- [Problem to work on] A verbatim copy is needed of the lines below from the one containing "Kvadratiske fade med" up to and including the one containing "车东西5月14日消息,日前,江苏泽景汽车", excluding pictures.

- [Records for processing]
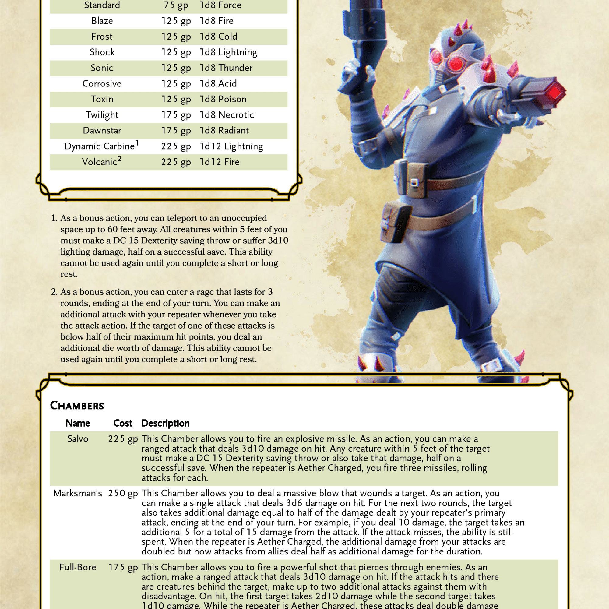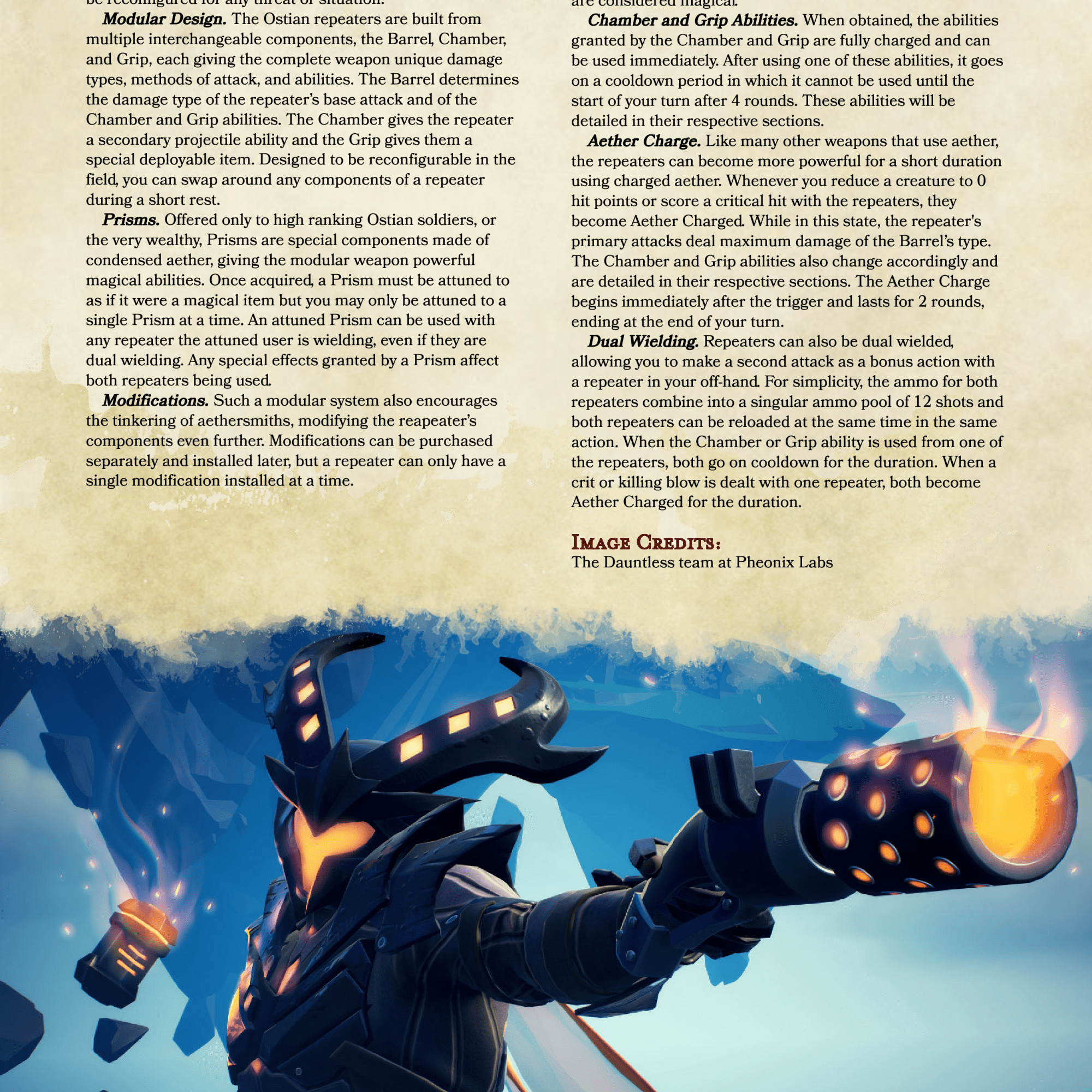 The Ostian Repeaters from Dauntless was one of my earlier brews and they were relatively new when I converted them. Since then, they’ve come a long way and changed quite a bit, warranting an update. So I’m glad to finally give them the update they so desperately needed, and I’ll likely be doing similar updates to the other Dauntless brews I’ve done before. I’m also going to be using them in campaign I’m in, doing a bit of playtesting defeating people with the power of the Raven Queen…and this gun I found.
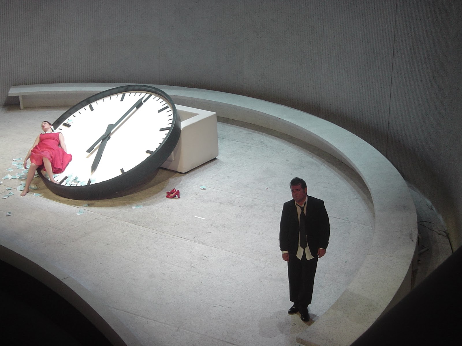 Para el archivo diré que el autor de la escenografía era Roland Olbeter, siendo el responsable de iluminación Peter van Praet. El creador de las video-proyecciones era Franc Aleu, debiéndose el vestuario a Chu Uroz. La dirección de esta reposición la ha llevado adelante Allex Aguilera.
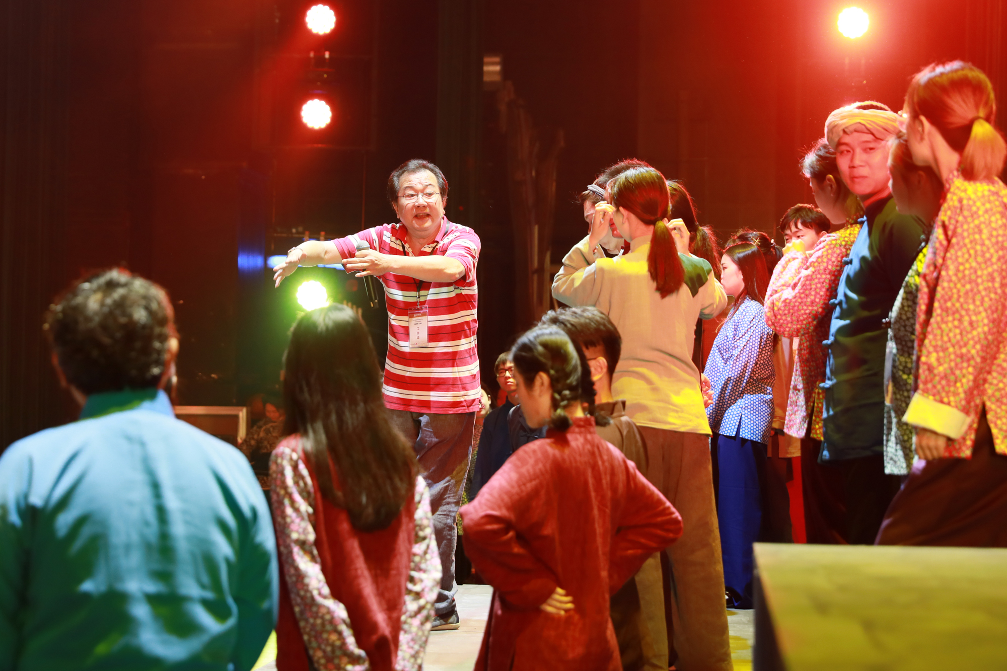 11日晚,校长钱旭红观看彩排并与参演师生合影
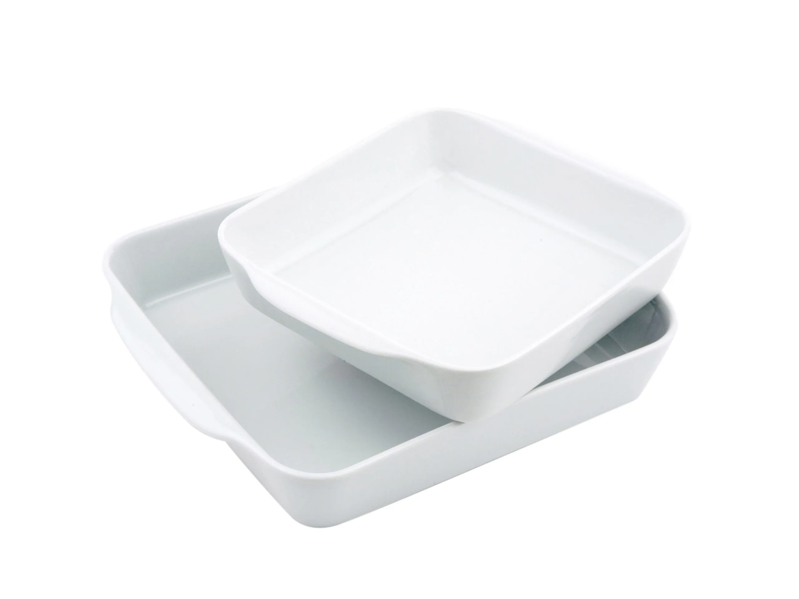 Kvadratiske fade med håndtag 22 x 22 cm og 27 x 27 cm til ovnretter og til servering.
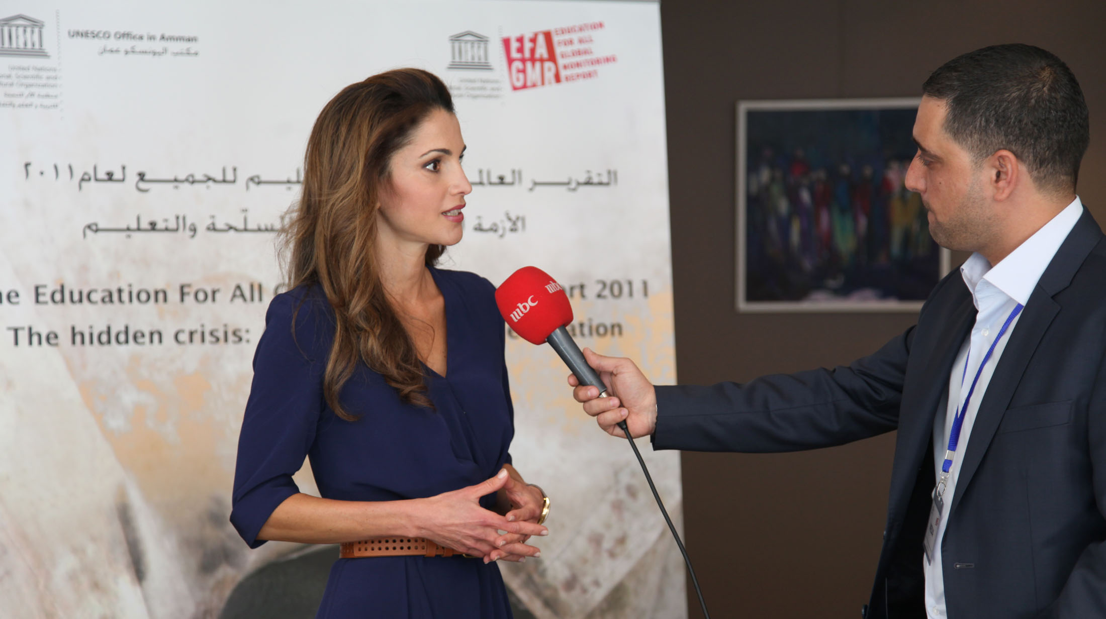 جلالة الملكة رانيا العبدالله في مقابلة مع فضائية الإم بي سي على هامش إطلاق النسخة العربية لتقرير اليونسكو لرصد التعليم للجميع الذي صدر هذا العام تحت عنوان "الأزمة الخفية: النزاعات المسلحة والتعليم".
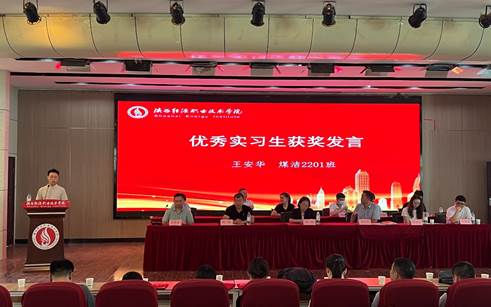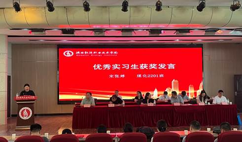李炜怿宣读优秀实习生、实习指导教师表彰决定,对宋张婷等17名优秀实习生及翟晓燕等8位优秀实习指导教师予以表彰。优秀实习生通过分享在企业实践的成长故事,对母校、学院及老师的付出表达感谢,也对学弟学妹给予了建议和寄托。
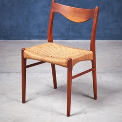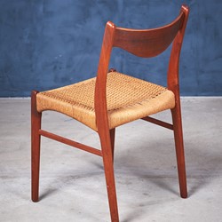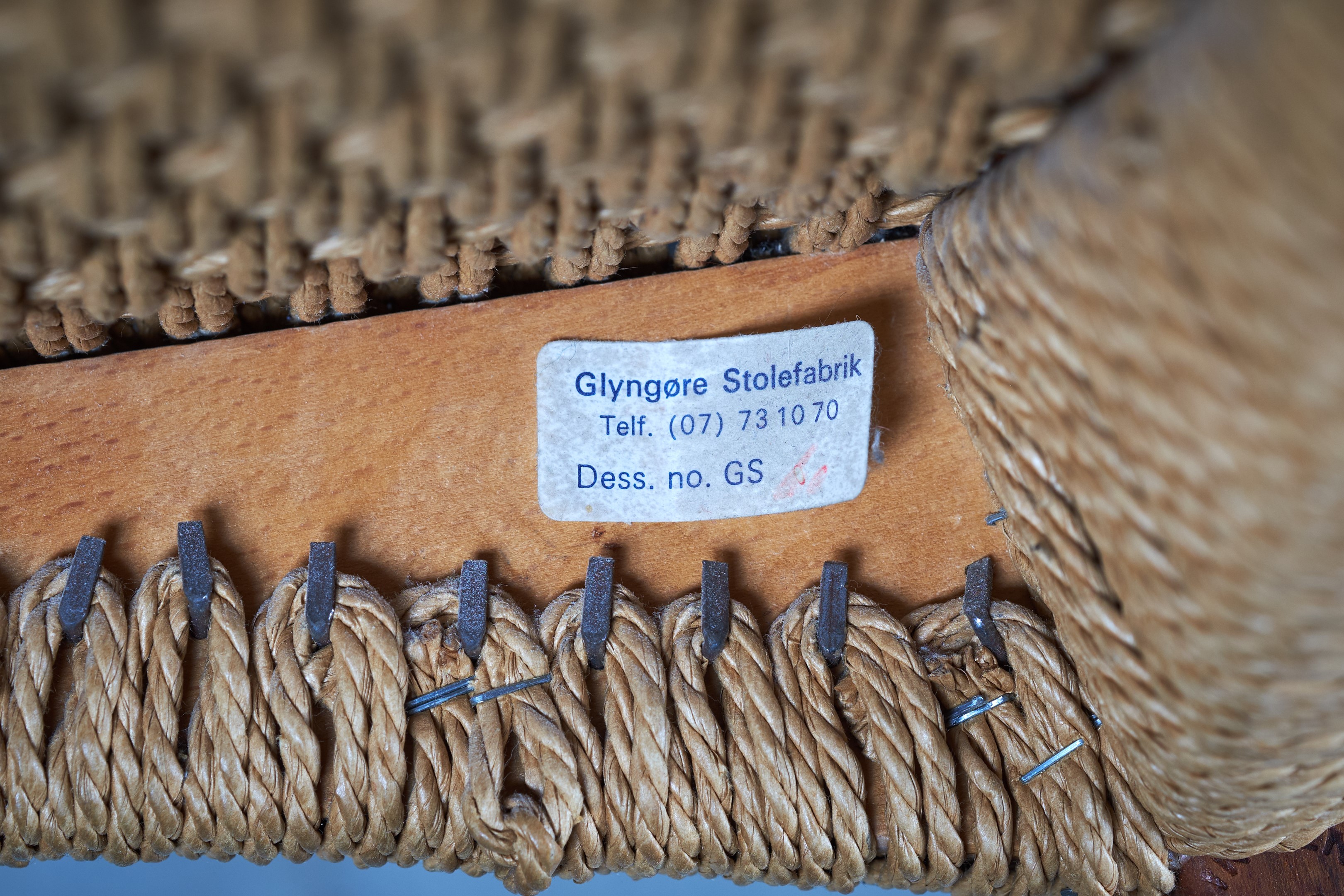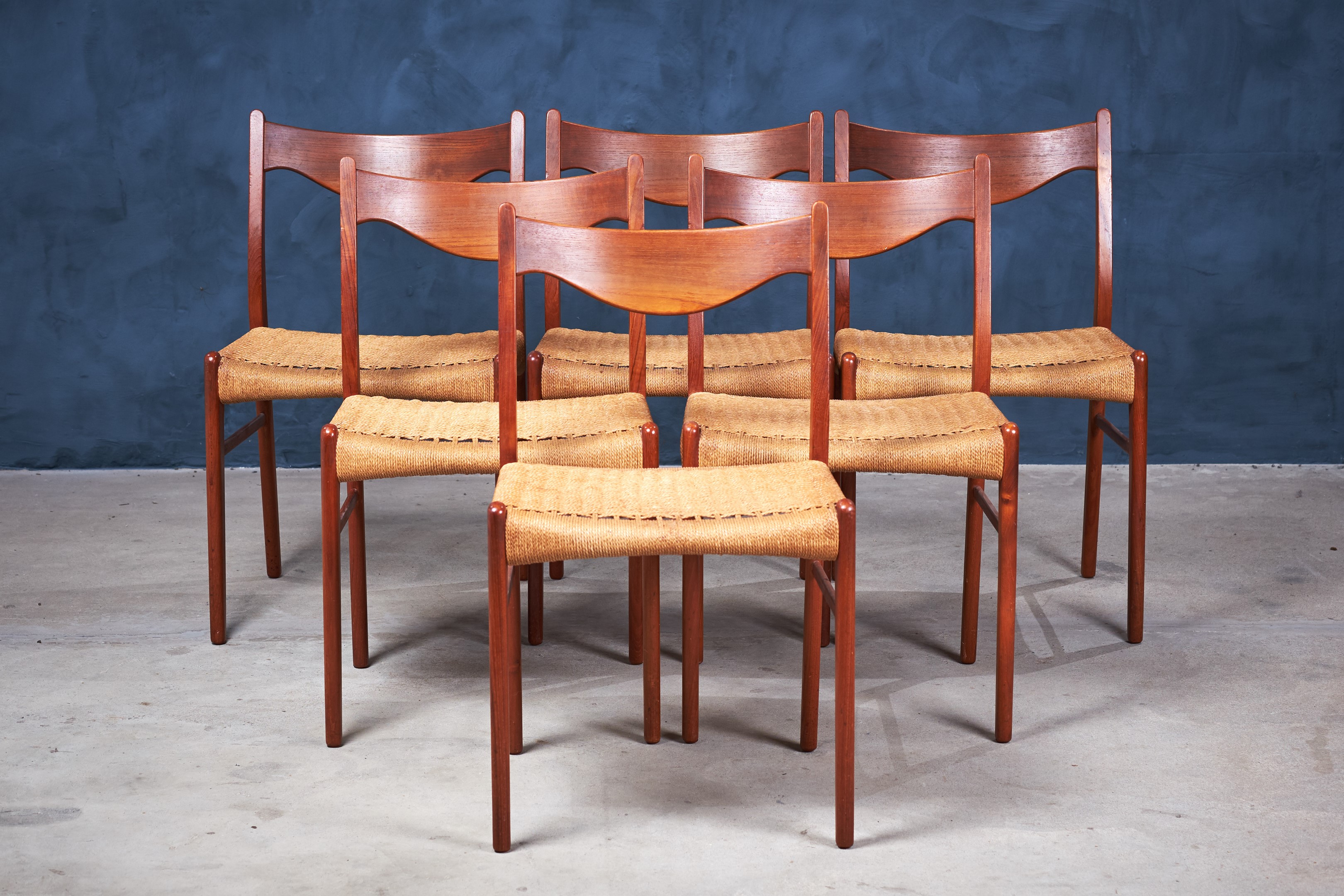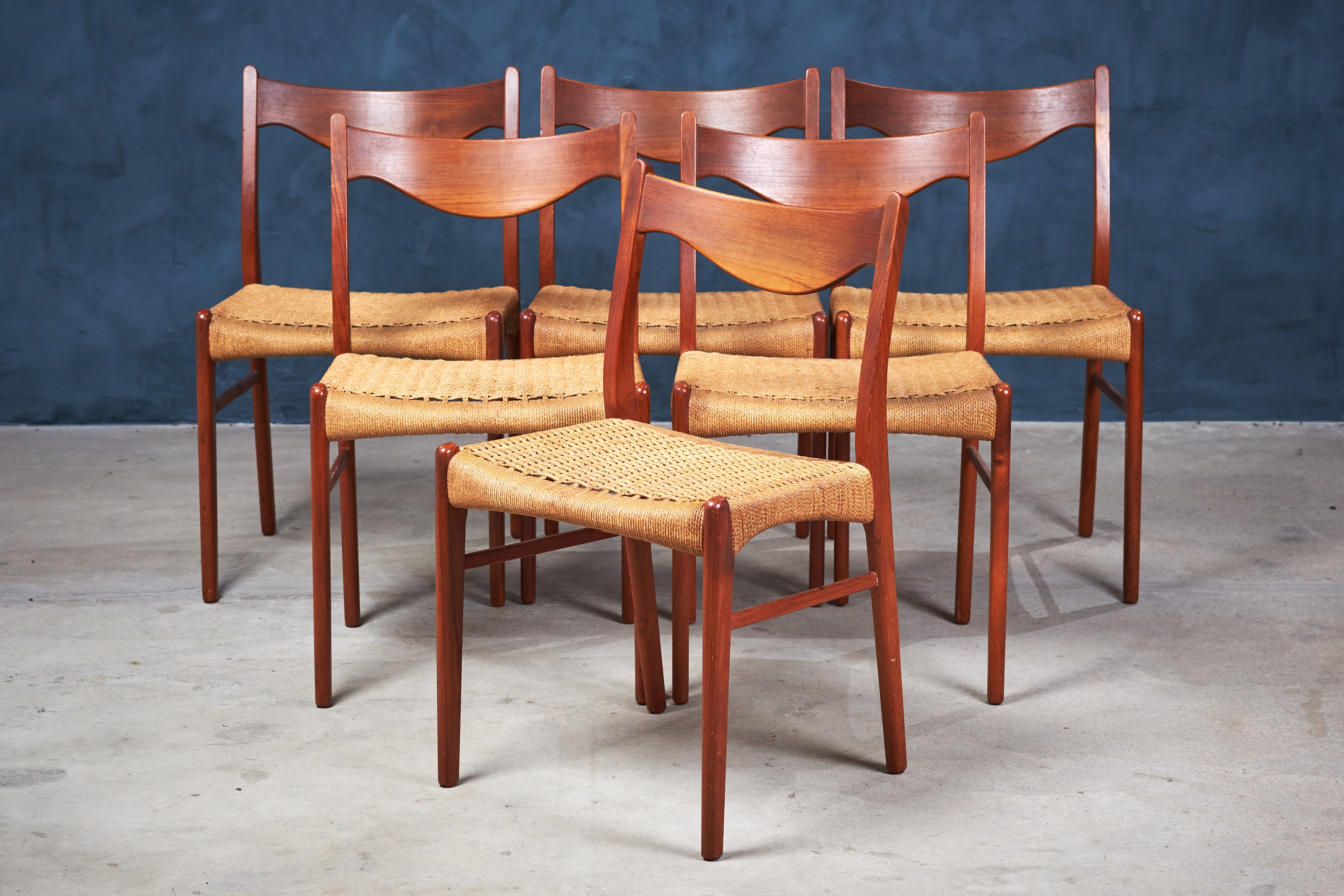 These chairs features solid teak frame with woven cord. The chairs are designed by Arne Wahl Iversen for Glyngøre Stolefabrik. These chairs have beautiful, refined details such as the curved seat sides and sculptural backrest.
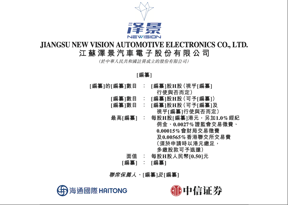 车东西5月14日消息,日前,江苏泽景汽车电子股份有限公司(泽景电子)正式向港交所递交上市申请,海通国际、中信证券为其联席保荐人。
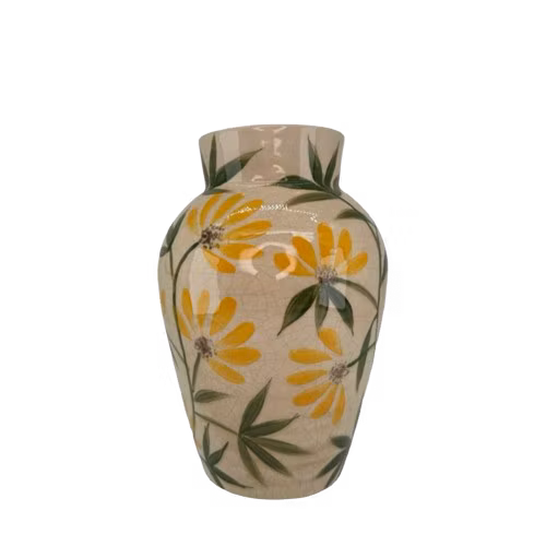 Vas med ett handmålat blommönster i gula nyanser och gröna stjälkar. Den handgjorda målningen ger en unik känsla till varje vas.
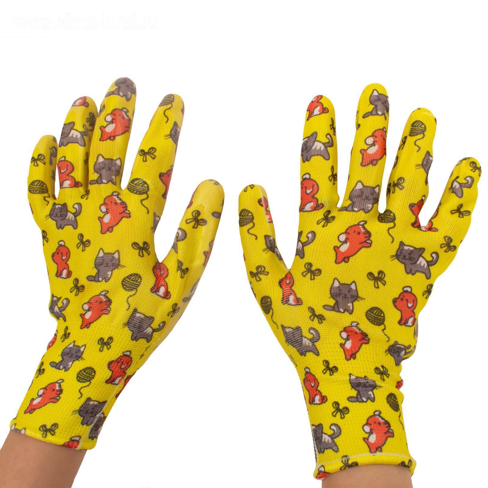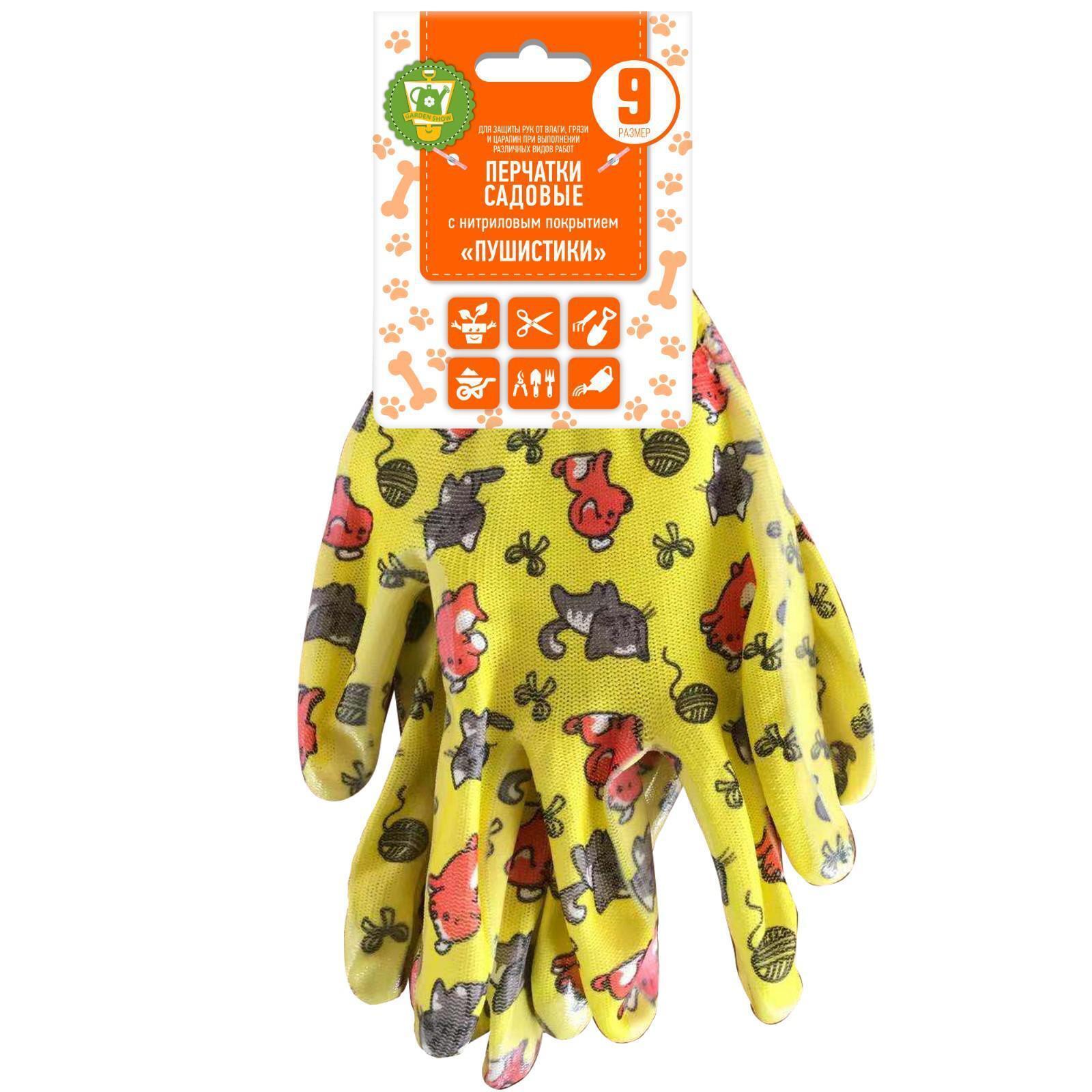 Перчатки полиэстер, с нитриловым покрытием, размер 9, «Пушистики»

- [Written response]
 Kvadratiske fade med håndtag 22 x 22 cm og 27 x 27 cm til ovnretter og til servering.
 جلالة الملكة رانيا العبدالله في مقابلة مع فضائية الإم بي سي على هامش إطلاق النسخة العربية لتقرير اليونسكو لرصد التعليم للجميع الذي صدر هذا العام تحت عنوان "الأزمة الخفية: النزاعات المسلحة والتعليم".
李炜怿宣读优秀实习生、实习指导教师表彰决定,对宋张婷等17名优秀实习生及翟晓燕等8位优秀实习指导教师予以表彰。优秀实习生通过分享在企业实践的成长故事,对母校、学院及老师的付出表达感谢,也对学弟学妹给予了建议和寄托。
 These chairs features solid teak frame with woven cord. The chairs are designed by Arne Wahl Iversen for Glyngøre Stolefabrik. These chairs have beautiful, refined details such as the curved seat sides and sculptural backrest.
 车东西5月14日消息,日前,江苏泽景汽车电子股份有限公司(泽景电子)正式向港交所递交上市申请,海通国际、中信证券为其联席保荐人。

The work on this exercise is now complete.